I've had same error in AWS environment while locally everything was working fine. Got it fixed by adding before calling to_deltalake
:
boto3.setup_default_session(region_name='us-east-1')
Thanks, vavaan, for your update. That didn't work for me. Before calling to_deltalake
I currently have:
boto3_session = boto3.Session(region_name="ap-southeast-2")
I tried changing this to use boto3.setup_default_session(...)
but it was the same either way. When the call is made to set up the
DataRawTable the AWS_SESSION_TOKEN is still set to None and the conversion to PyString fails.
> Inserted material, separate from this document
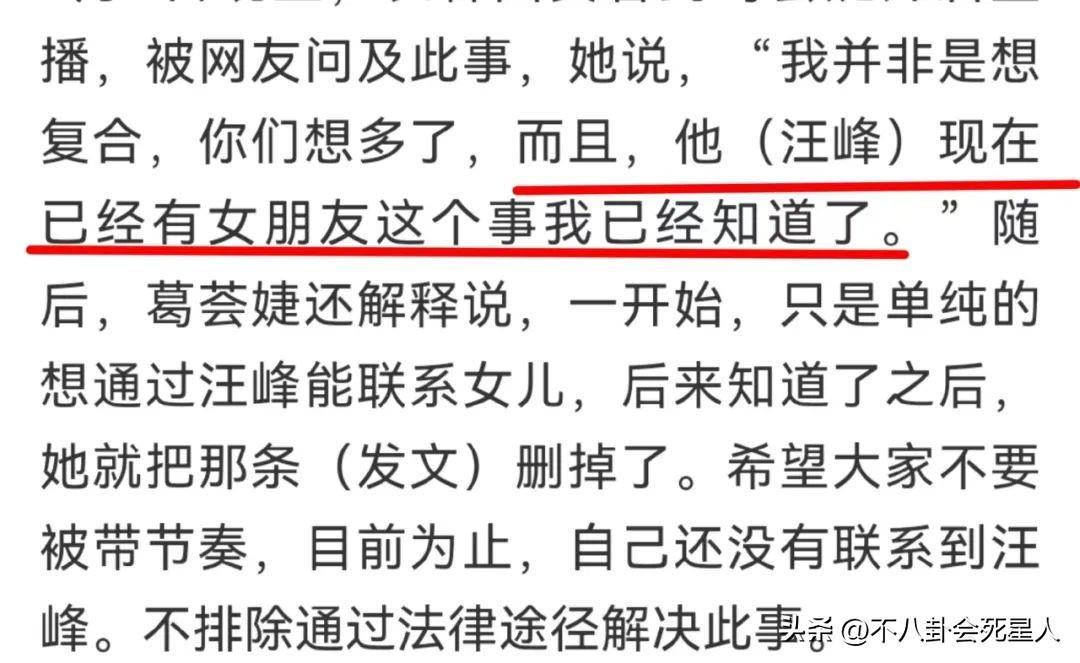 近日,葛薈婕回應了幾天前她深夜喊話汪峯的事情,她否認複合,稱只是想聯繫女兒,同時爆料汪峯已有女友。

In my program this is my first use of the S3 session, so maybe if you've already done something with the session before trying to write, the token will have been set to a non-None value and it works. But it doesn't work for me even if I've created the session as shown above.
Thanks again for your response.
I just set the unused AWS_SESSION_TOKEN to an empty string to override it from being set to None when calling to_deltalake to fix the issue:
boto3_session = boto3.Session(region_name="us-east-1")
df = pd.DataFrame({"c0": [1, 2, 3], "c1": [True, False, True], "par0": ["foo", "foo", "bar"], "par1": [1, 2, 2]})
wr.s3.to_deltalake(
path=path,
df=df,
index=False,
boto3_session=boto3_session,
partition_cols=["par0", "par1"],
overwrite_schema=True,
s3_allow_unsafe_rename=True,
s3_additional_kwargs={
'AWS_SESSION_TOKEN': ''
}
)
Marking this issue as stale due to inactivity. This helps our maintainers find and focus on the active issues. If this issue receives no comments in the next 7 days it will automatically be closed.